国語をローマ字で書き表す場合のよりどころを示した内閣告示。現行は令和7年(2025年)内閣告示第4号で、文化審議会の答申(令和7年8月20日)を受けて約70年ぶりに改定された。適用分野は法令・公用文書・新聞・雑誌・放送など「一般の社会生活」で、目安であって強制力はない。
最大の改定点は表を一つにしたこと。旧告示(昭和29年内閣告示第1号)は第1表=訓令式を原則とし、「国際的関係その他従来の関係をにわかに改めがたい事情にある場合に限り」第2表=ヘボン式・日本式を認める二表立てだったが、現行は「本表」一つで、そのつづりはいわゆるヘボン式と一致する(shi・tsu・chi・fu・ji など)。本表は左欄に直音、右欄に拗音、下欄に撥音を示す。
ただしヘボン式をそのまま採用したわけではない点が要注意。撥音「ン」は例外なく n(ヘボン式で b・m・p の前に用いる m は不採用)、促音は子音字を重ねる(matcha のように ch の前に t を置く書き方は不採用。

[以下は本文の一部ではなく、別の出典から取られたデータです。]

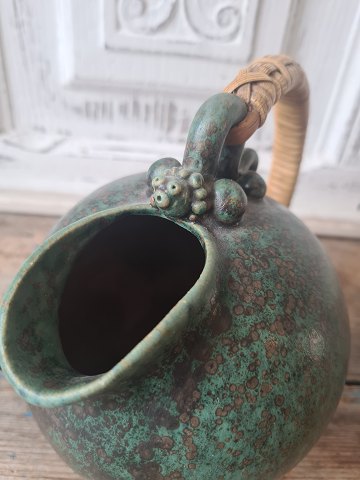 Arne Bang jug with bast handle. The jug has an incredibly beautiful green glaze. Signed AB - 151 Height 17 cm. Perfect condition
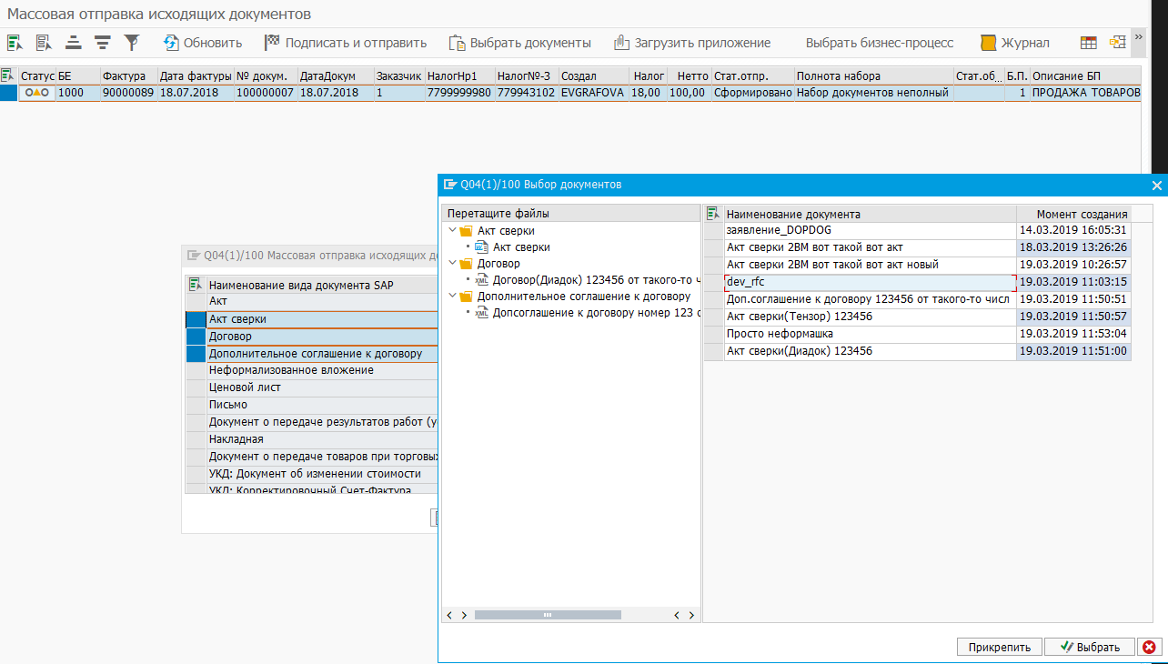 Для массовой автоматической отправки полуформализованных документов приложение, привязанное к фактуре, должно иметь правильный префикс или постфикс у имени файла.
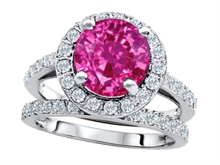 The alluring Original Star K(tm) 8mm Round Created Pink Sapphire Engagement Wedding Set, crafted in 925 Sterling Silver. This attractive design is set with 1 stone prong set pink Round Created Pink Sapphire, 43 stones channel set colorless Round Brilliant Cubic Zirconia. This design measures 11.50 mm wide, 11.50 mm long. Sapphire is September Birthstone: From the Latin 'sapphirus' meaning 'blue'. A symbol for truth and sincerity, it inspires spiritual enlightenment, health and inner peace. Designer: Star K - This beautiful design, is part of the exclusive Star K. jewelry collection. Star K. designs are copyrighted, so please be aware of cheap imitations selling online. Only original Star K. creations are made using the highest quality materials and craftsmanship, backed by an exclusive Lifetime Warranty. Warranty: - This item is covered by Finejewelers exclusive Silver Shield Lifetime Warranty. This exclusive lifetime coverage is offered ONLY by Finejewelers so please shop with confidence, our quality is guaranteed for life!
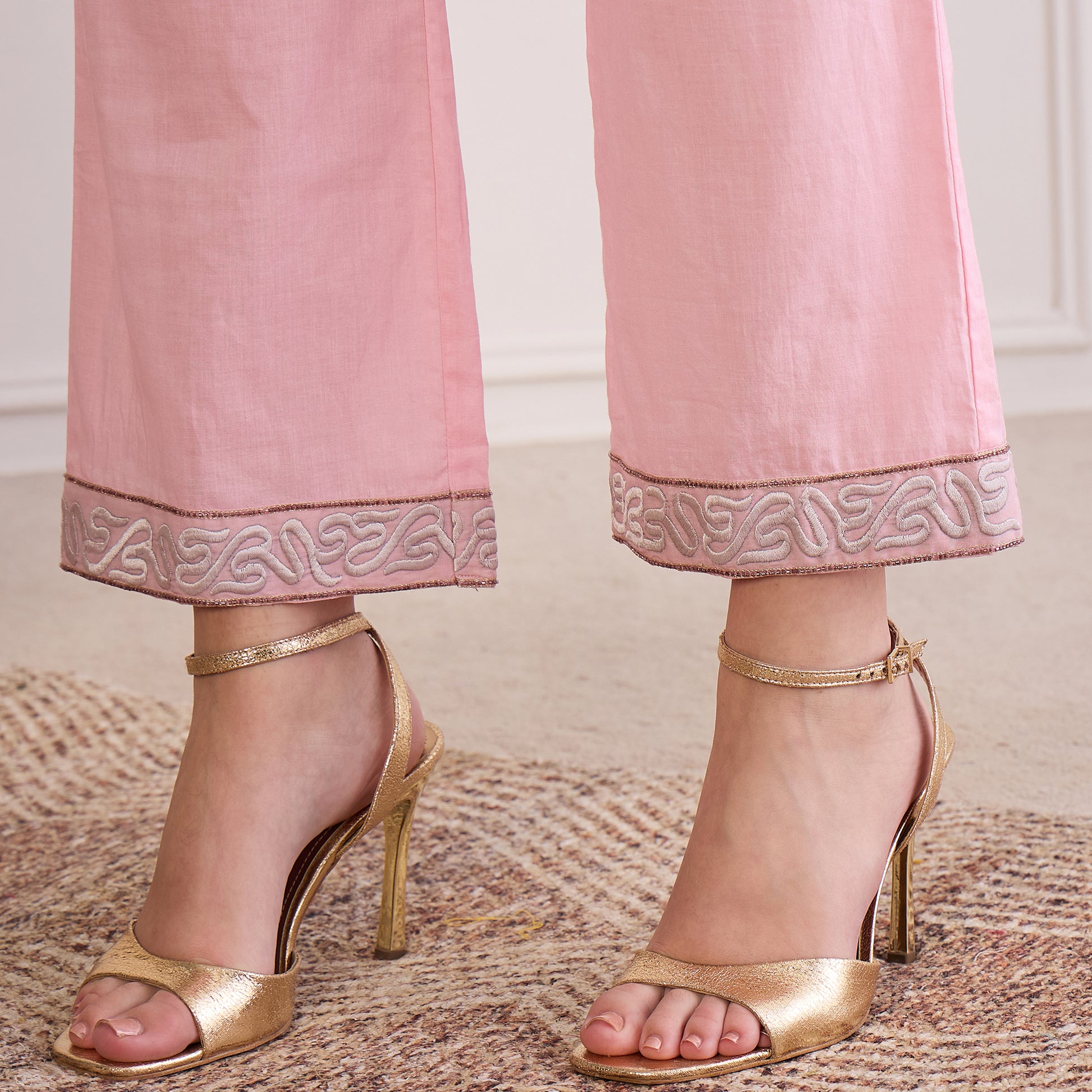 Description Shop these elegant straight pants, finished with intricate zari hand embroidery at the hem for a touch of festive charm. The clean silhouette keeps the look timeless, while the shimmering accents make them perfect for special occasions and elevated everyday wear. A versatile piece that pairs effortlessly with both traditional and contemporary styles.
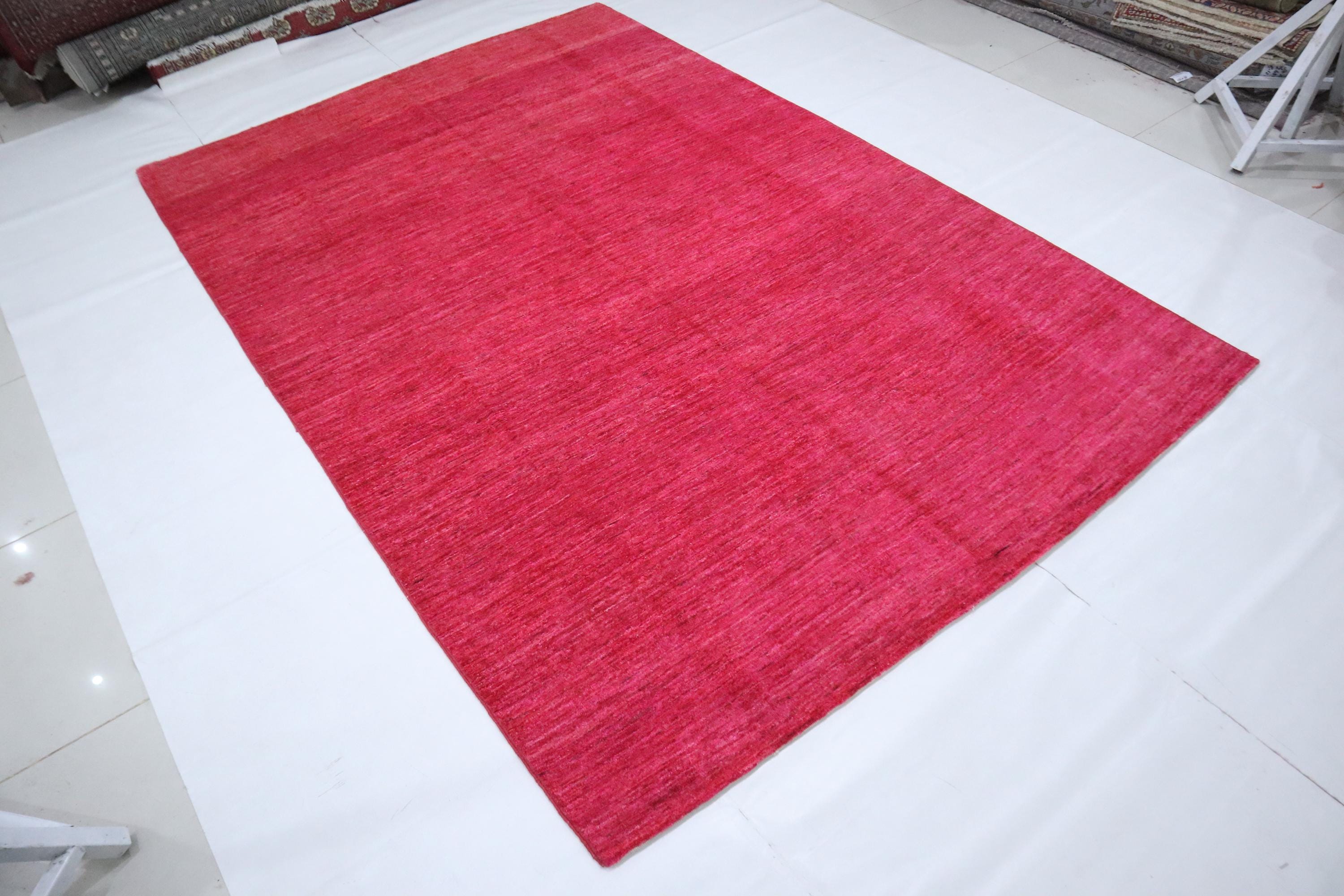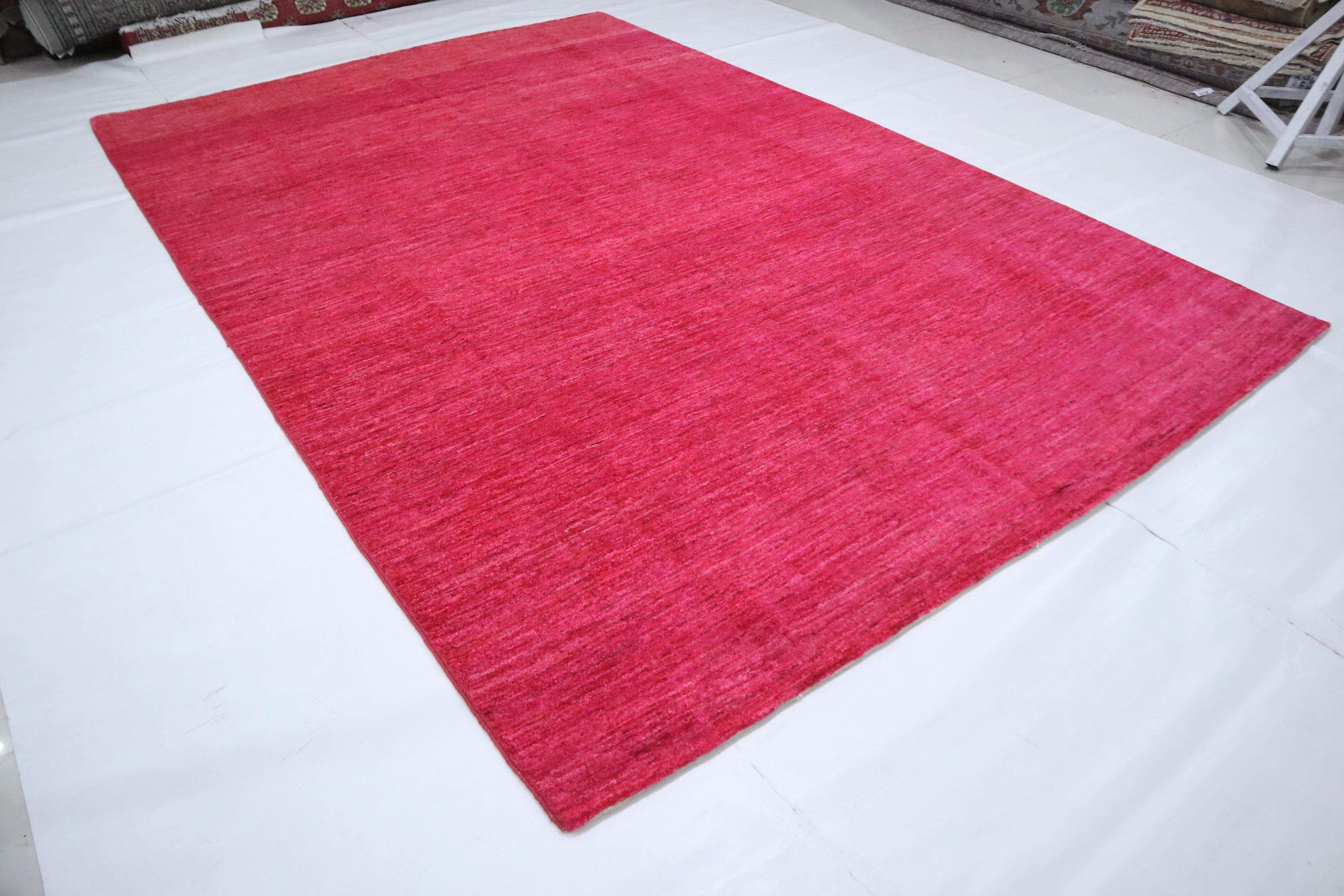 7x10 Gabbeh Area Rug - Shocking Pink Afghan Handmade Solid Design Lori Baft Wool Rug - Vibrant Pink Rug - Living Room Rug - Dining Room Rug
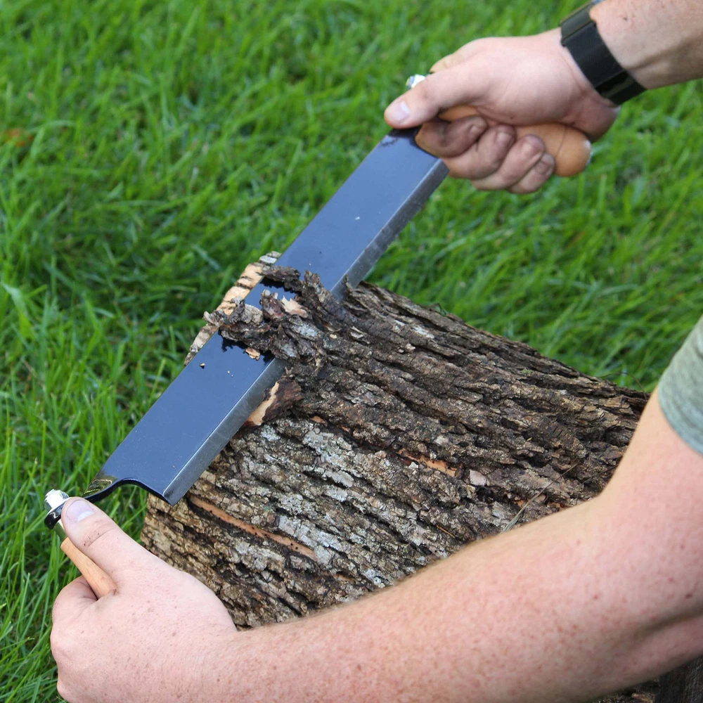 Use the | 13 Inch Straight Drawing Knife for Woodworking Tree Bark Removal Tool to remove bark quickly from logs and fence posts or to shape surfaces to create legs, seats, bowls, and more. These debarking knife draw shaves are designed for maximum strength and longevity. Dual wooden handles allow you to maintain a comfortable, secure hold for better control and accuracy, while the sharp steel blade features a refined beveled edge that easily slices through the wood. This lightweight pull knife woodworking draw shave tool is often used by timber framers, wood turners and carvers, and furniture fabricators for their dependability and maneuverability. Warning: This product can expose you to chemicals which is [are] known to the State of California to cause cancer and birth defects or other reproductive harm. WOOD WORKING TOOLS FOR BUILDING FURNITURE: Rapidly remove wood and bark from logs, fence posts, and firewood with the | 13 Inch Straight Wood Shaving Knife Draw Shave Wood Debarking Tool; Often used by timber framers, wood turners and carvers, and furniture fabricators these log draw knife woodworking hand tools quickly remove excess materials to shape surfaces to create spindles, pegs, seats, bowls, and much more KEEN BEVELED BLADE: Constructed of hardened steel provides this straight edge tree bark scraper tool with durability and longevity; Finely polished beveled edges can easily be honed to keep your bark stripper wood shaver tool sharp for accuracy and ease of use; Drawknife woodworking tool set includes rubber edge protector to protect you and the draw knife blade when traveling WOOD HANDLES FOR COMFORT AND CONTROL: This draw knife woodworking tool is built for strength, comfort, and longevity; Dual wooden handles provide a secure hold on these draw knife debarking tools to allow optimal control, maneuverability, and accuracy; Handles are angled outwards to keep your hands out of the way while pulling on larger logs and wood slabs EASY TO USE: Simply set your wood stock in a clamp to keep it from moving while you work; From the center of your workpiece, begin digging the draw blade for wood working towards yourself with control; Be sure to face the beveled side upwards to peel or “draw” the shavings from the workpiece; Continue shaping until satisfied; Work slowly and wear protective gear PERFECT SIZE FOR YOUR NEEDS: Draw knife tool features 13-inch (33cm) blade length; Straight edge blade has 1.9-inch (4.8cm) height and a .3 inch (.8cm) thickness; Wood straight draw knives are ideal for removing bark and for shaping arches or flat surfaces; Overall length is 20.5 inches (52.1cm) from handle to handle

子音字が2文字なら最初の字を重ね zasshi・yakkyoku)。長音は母音字に符号(¯)を付けるのが一般的だが、母音字を並べてもよいとされ、その場合は現代仮名遣いと同様に書く(Tōhoku/Touhoku)。「Ohtawara」「Mazda」「judo」「matcha」のように定着した慣用は当事者の判断を尊重する。